The Battle of Romhány (Battle of Szátok or Battle of Érsekvadkert) is one of the last battles of the Rákóczi War of Independence, which was fought on 22 January 1710 between Romhány and Szátok or Érsekvadkert in Nógrád counties.

== The Battle ==
After the decisive defeat suffered in the Battle of Trenčín, the Kurucs were continuously pushed out of the western part of the country. At the turn of 1709–10, the Austrian armies continued their gradual advance in the territory of Nógrád County under the command of Count Johann von Sickingen.

Rákóczi's army, reinforced with Swedish and Polish troops was marching towards Érsekújvár, when they were intercepted by a 1,500-man cavalry unit led by von Sickingen, who underestimated the number of Hungarian troops.

The Kurucs, with an 8-to-1 advantage, overwhelmed the Imperials and were close to victory, when their undisciplined units began to plunder and disintegrated. This allowed the Imperial troops to regroup and turn the tide of the battle until both sides retreated.

== Consequences ==
The remaining Hungarian, Polish and Swedish units gathered on the south side of the stream, and the imperial ones gathered near Érsekvadkert. The Swedes and Poles wanted to persuade Rákóczi to launch a new attack, but he, seeing the poor performance of his troops, decided against it. von Sickingen had suffered heavy losses (half of his army) and was also unable to attack with his exhausted troops, so the battle ended.

Both sides regarded the battle as their own victory. Today, it can be considered a draw. Despite their initial success, the Kuruc troops, who outnumbered the enemy eight (8!) times, could not defeat the well-trained Imperials due to their lack of discipline.

According to György Ottlyk, head master of Rákóczi: Last Wednesday, we beat Habsburg gloriously, but we ignominiously ran away from the battlefield.
Although the losses of the Imperials were greater in number and proportion, at the end of the battle they still dominated the battlefield.
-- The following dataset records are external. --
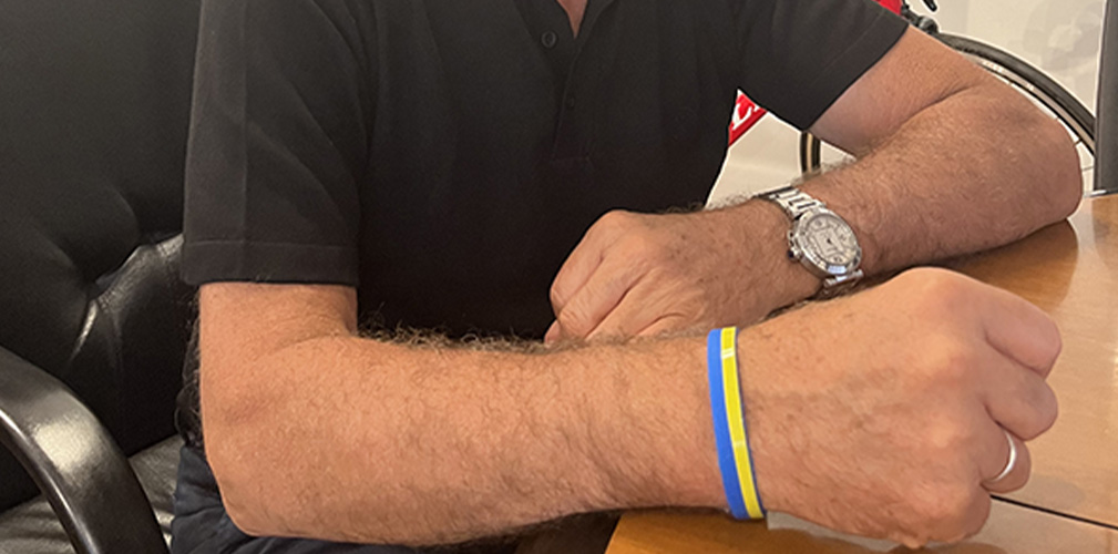 Il braccialetto con i colori dell’Ucraina che verrà indossato da ogni persona al Tour de PologneCzeslaw Lang mostra il braccialetto con i colori dell’Ucraina che verrà indossato da ogni persona al Tour de Pologne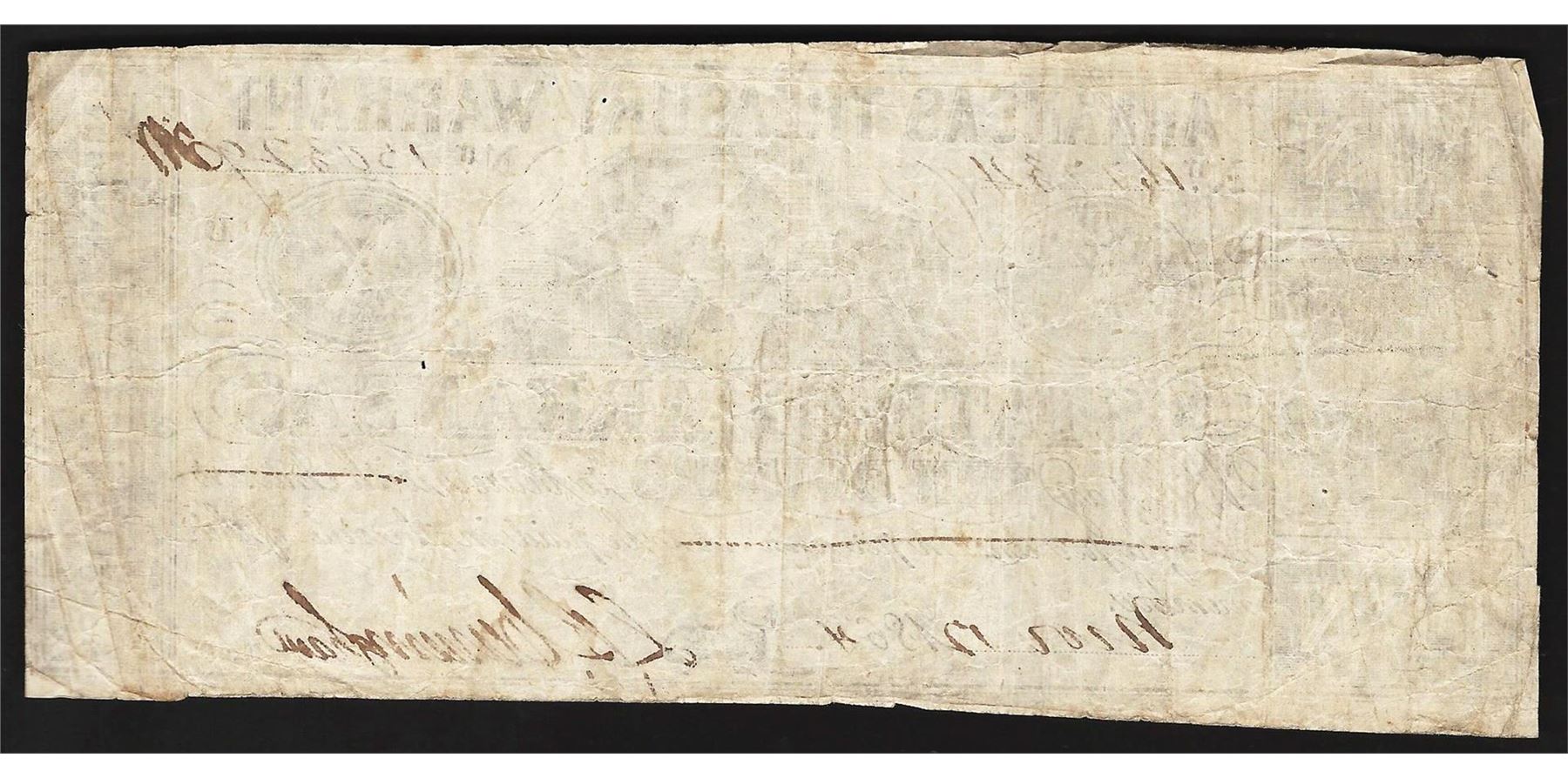 One 1864 $10 State of Arkansas Treasury Warrant Note.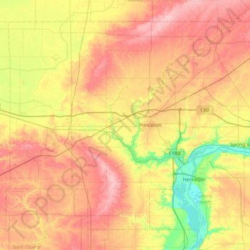 Mapa topográfico Bureau County, altitud, relieve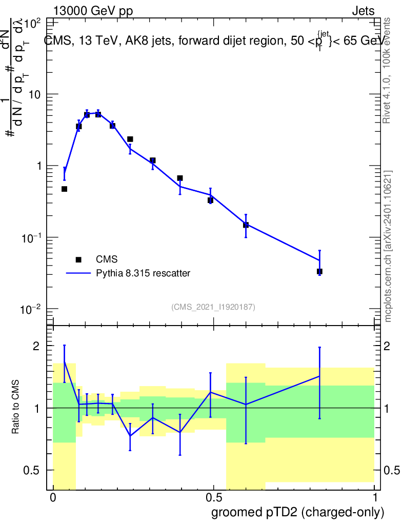 Lines: data, pythia8 8.315 rescatter |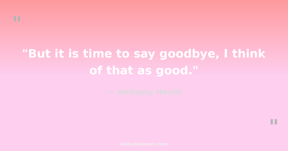 "But it is time to say goodbye, I think of that as good."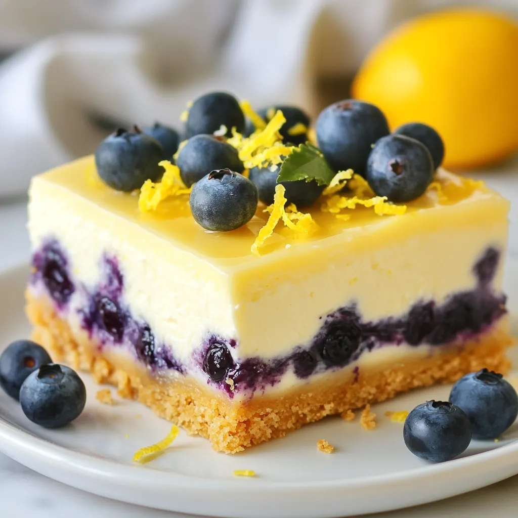 To make blueberry lemon cheesecake bars, you'll need these key ingredients: - 1 and 1/2 cups graham cracker crumbs - 1/4 cup granulated sugar - 1/2 cup unsalted butter, melted - 16 oz cream cheese, softened at room temperature - 1 cup granulated sugar - 2 large eggs, at room temperature - 1 teaspoon pure vanilla extract - Zest of 1 lemon - 1/4 cup freshly squeezed lemon juice - 1 cup fresh blueberries (plus extra for topping) When measuring ingredients, be precise. Use dry measuring cups for dry items like graham cracker crumbs and sugar. For liquids, use a liquid measuring cup. Here are a few tips: - Graham cracker crumbs: Crush them finely for a better crust. You can use a food processor or place them in a zip-top bag and crush with a rolling pin. - Cream cheese: Let it soften at room temperature for about an hour. This helps it mix smoothly. - Lemon juice: Always use fresh juice for the best taste. It brightens the flavor so well. Using good ingredients makes a big difference. High-quality cream cheese gives a rich and creamy texture. Fresh blueberries add natural sweetness and vibrant color. Here’s why quality matters: - Flavor: Fresh ingredients enhance the taste. You’ll notice the difference. - Texture: Quality products mix better. This leads to a smoother filling. - Presentation: Fresh fruit looks beautiful and makes your dessert appealing. By focusing on these details, you create blueberry lemon cheesecake bars that shine in taste and look. {{ingredient_image_2}} First, set your oven to 350°F (175°C). This heat helps cook the bars evenly. Grab an 8x8 inch baking pan. Line it with parchment paper, leaving some paper hanging over the sides. This makes it easy to lift the bars out later. In a medium bowl, mix 1 and 1/2 cups of graham cracker crumbs with 1/4 cup of granulated sugar. Pour in 1/2 cup of melted unsalted butter. Stir this mixture until it looks like wet sand. Press the crust firmly into the bottom of your prepared pan. Bake it for 10 minutes. Let it cool a bit while you make the filling. In a large bowl, beat 16 oz of softened cream cheese. Use an electric mixer on medium speed for about 2 minutes until it's smooth. Gradually add 1 cup of granulated sugar while mixing. Then, add 2 large eggs one at a time, mixing well after each. Next, fold in 1 teaspoon of pure vanilla extract, the zest of 1 lemon, and 1/4 cup of freshly squeezed lemon juice. Mix until everything is combined. Lastly, gently fold in 1 cup of fresh blueberries, being careful not to break them. Now, pour the cheesecake filling over your cooled crust. Smooth the top with a spatula. Bake in the oven for 30 to 35 minutes. The edges should be set, but the center can still jiggle a bit. After baking, let the bars cool at room temperature. Then, put them in the fridge for at least 4 hours, or better yet, overnight. This helps them set perfectly. When ready to serve, lift the cheesecake bars out of the pan using the parchment paper. Cut them into squares. For a nice touch, garnish with extra fresh blueberries and a sprinkle of lemon zest. This adds color and makes them look even more appetizing! When making blueberry lemon cheesecake bars, it’s easy to make mistakes. Here are a few to watch for: - Overmixing the filling: This can make the texture too dense. Mix just until combined. - Not using room temperature ingredients: Cold cream cheese can lead to lumps. Always let it warm up. - Skipping the chilling time: These bars need time to set. Don't rush the cooling process. For the best texture, focus on these steps: - Beat the cream cheese well: Make it smooth and fluffy for a creamy filling. - Fold in the blueberries gently: This keeps them whole and adds nice bursts of flavor. - Check the baking time: The center should jiggle slightly. This means it will set perfectly as it cools. You can boost the flavors in your cheesecake bars. Here’s how: - Use fresh lemon juice and zest: This adds brightness to the bars. - Add a pinch of salt: It balances the sweetness and enhances the berry flavor. - Top with extra blueberries: This fresh garnish adds color and taste. Experimenting with these tips will make your cheesecake bars even more delightful! Pro Tips Room Temperature Cream Cheese: Make sure your cream cheese is at room temperature before mixing. This will ensure a smooth and creamy texture without lumps. Fresh Blueberries: Use fresh blueberries for the best flavor and texture. If using frozen, make sure to thaw and drain them well to avoid excess moisture in the filling. Chill Overnight: For the best results, refrigerate the cheesecake bars overnight. This allows the flavors to meld and the texture to firm up perfectly. Cleaning Cuts: To make clean cuts, use a sharp knife and wipe it with a damp cloth between each cut. This keeps the edges of the bars looking neat and professional. {{image_4}} You can easily swap some ingredients if you have dietary needs. For a gluten-free option, use gluten-free graham crackers. They work well in the crust. If you want a lower-sugar version, try using a sugar substitute. Look for ones that measure like sugar for the best results. For a dairy-free choice, you can use cashew cream instead of cream cheese. It gives a nice texture and flavor. While blueberries are delicious, you can try other fruits too. Raspberries add a nice tartness. Strawberries bring a sweet touch. Blackberries can also work well. Just make sure any fruit you use is fresh and ripe. This way, you’ll get the best flavor in your bars. You can mix and match fruits for even more fun flavors. Adding more flavor is a great way to make these bars special. Try adding a pinch of cinnamon for warmth. A splash of almond extract can add a nutty taste. If you love chocolate, fold in some mini chocolate chips. This adds a decadent touch. Lemon zest gives a bright, fresh flavor. You can even experiment with herbs like mint for a unique twist. Each addition makes these cheesecake bars a fun treat! To keep your blueber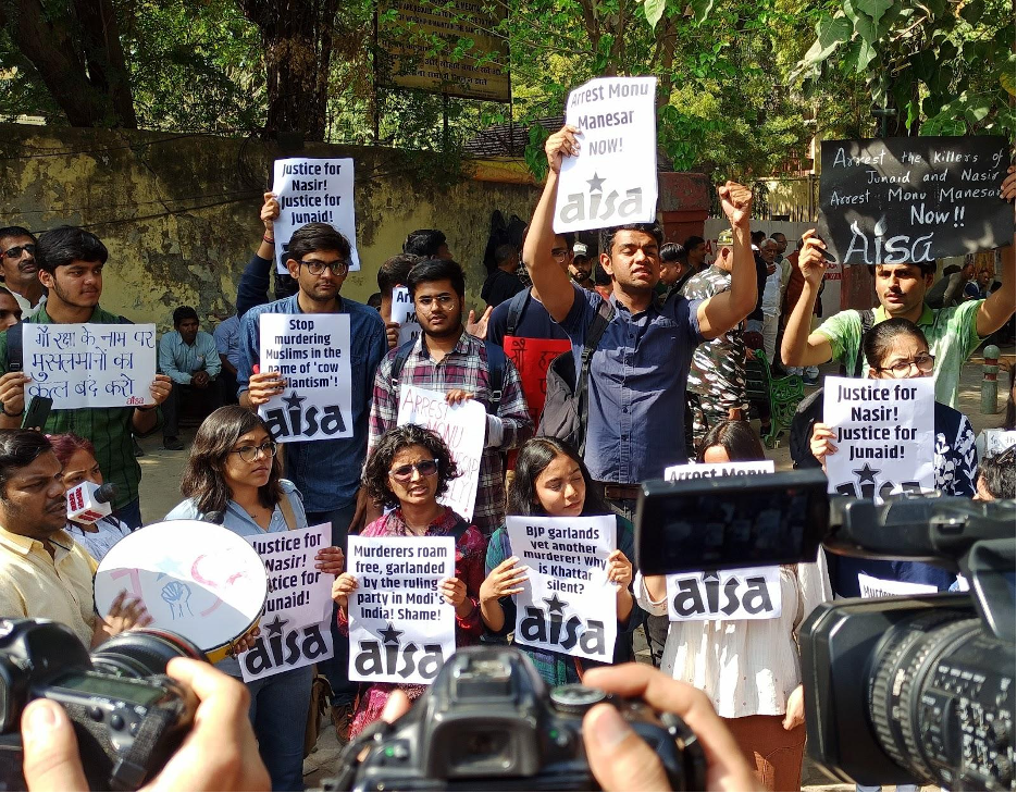 At a protest on Friday at New Delhi's Jantar Mantar, student bodies urged the government to arrest the accused in the killing of two Muslim men in Haryana.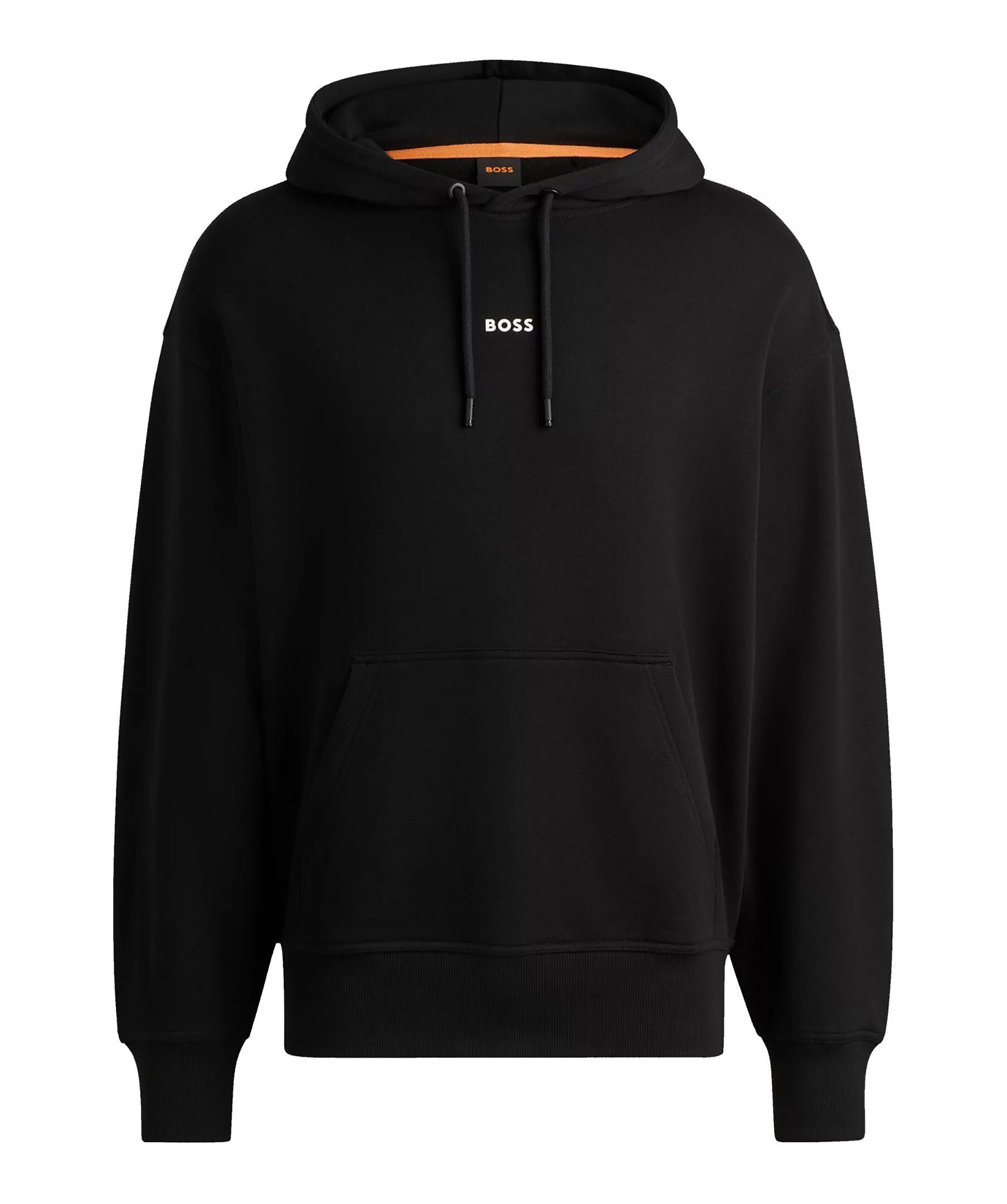 Svart hoodie från BOSS Orange. Hoodien har huva med dragsko, ribbstickade muddar, känguruficka samt gummerad logotyp på bröstet. Tillverkad i bomull.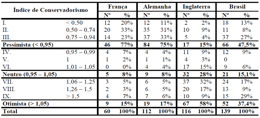Assim, um Índice de Conservadorismo maior que 1 implicaria que o lucro apurado conforme as normas do país é maior (otimismo) que o lucro calculado segundo os US GAAP. Já um índice menor que 1 implicaria que o lucro apurado conforme as normas do país é menor (conservadorismo) do que o apurado conforme os US GAAP.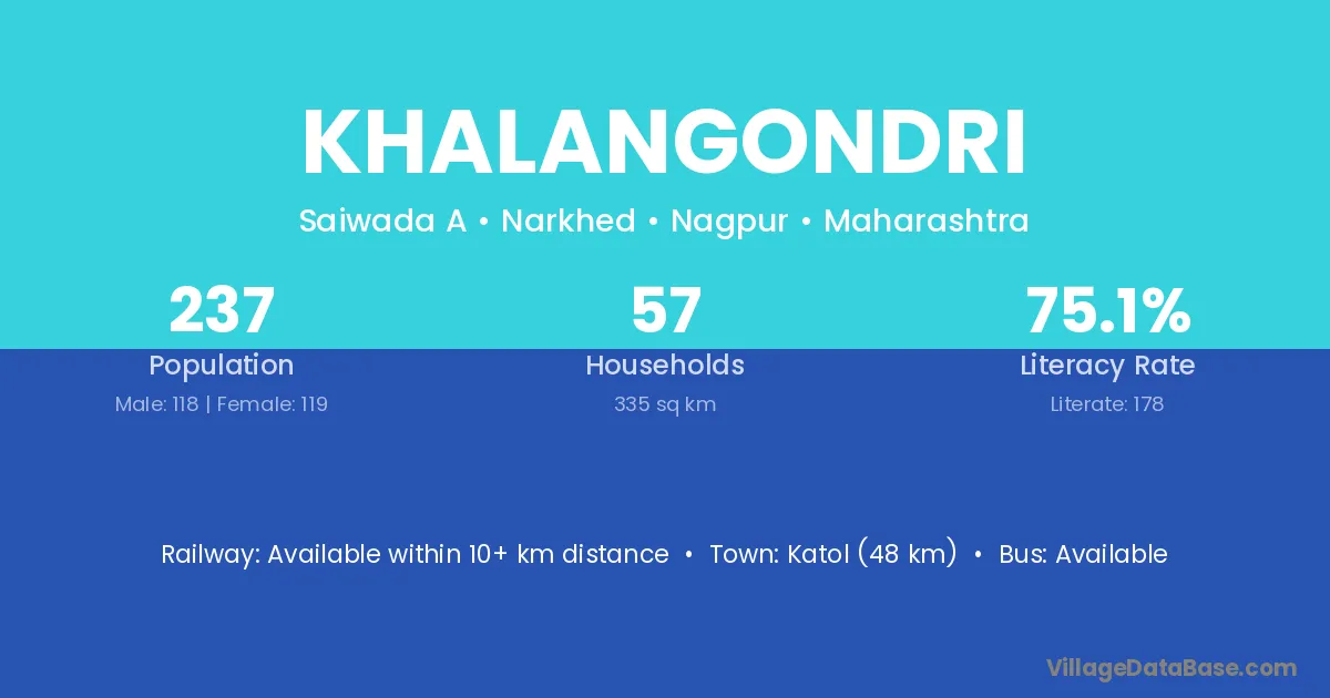Katol (48 km) is the nearest town to Khalangondri village for major economic activities and is located approximately 48 km away.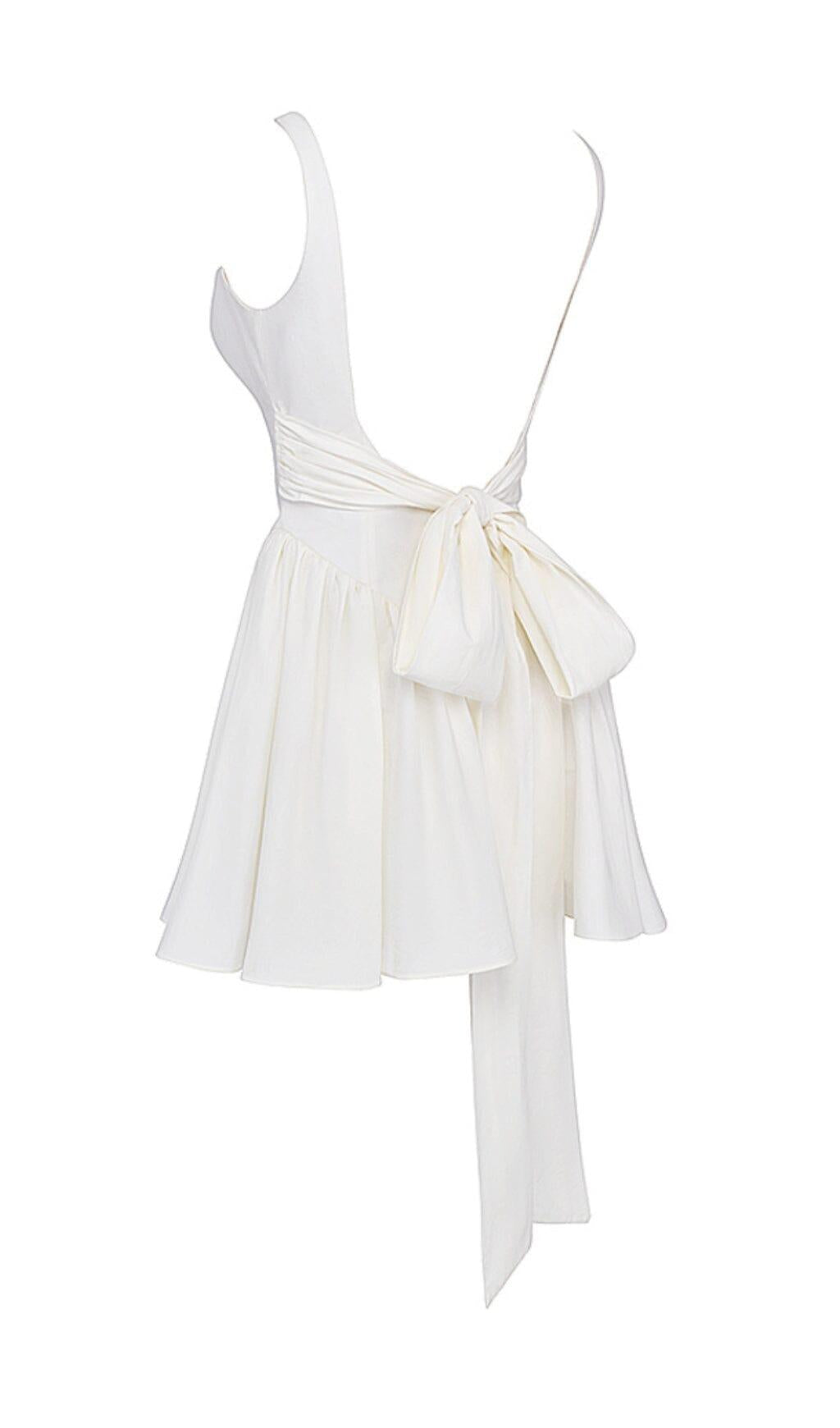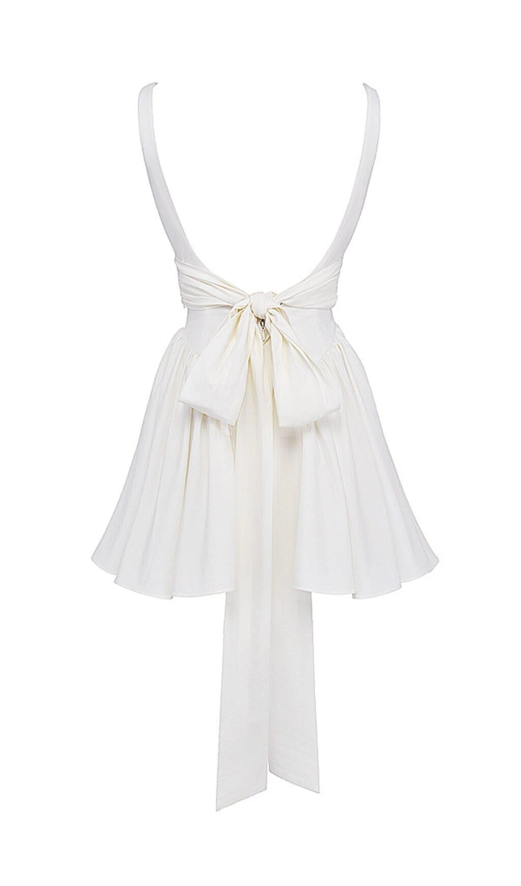 THE dress for warm spring and summer days, our ivory bow mini dress has a striking silhouette. It's cut from ivory cotton and the close fitting bodice is fitted with our incredible corsetry boning that turns to reveal an ultra low open back, complete with an oversized bow for feminine drama.

However, Rákóczi's army did not break up, so the Austrians could not make good use of their situation. In fact, the prince also achieved his original goal: he managed to bring supplies to Érsekújvár.

== Commemoration ==
The monument to the battle stands next to the road leading from Romhány to Szátok, on the edge of the village. The 8-meter high obelisk was inaugurated in 1932 and was built by Dezső Magos based on the plans of János Istók. On the top, there is a turul bird, on the side there are reliefs of Rákóczi and Károlyi, as well as Hungarian, Polish and Swedish commemorations.

Another monument to the battle stands next to the road leading Romhány to Kétbodony.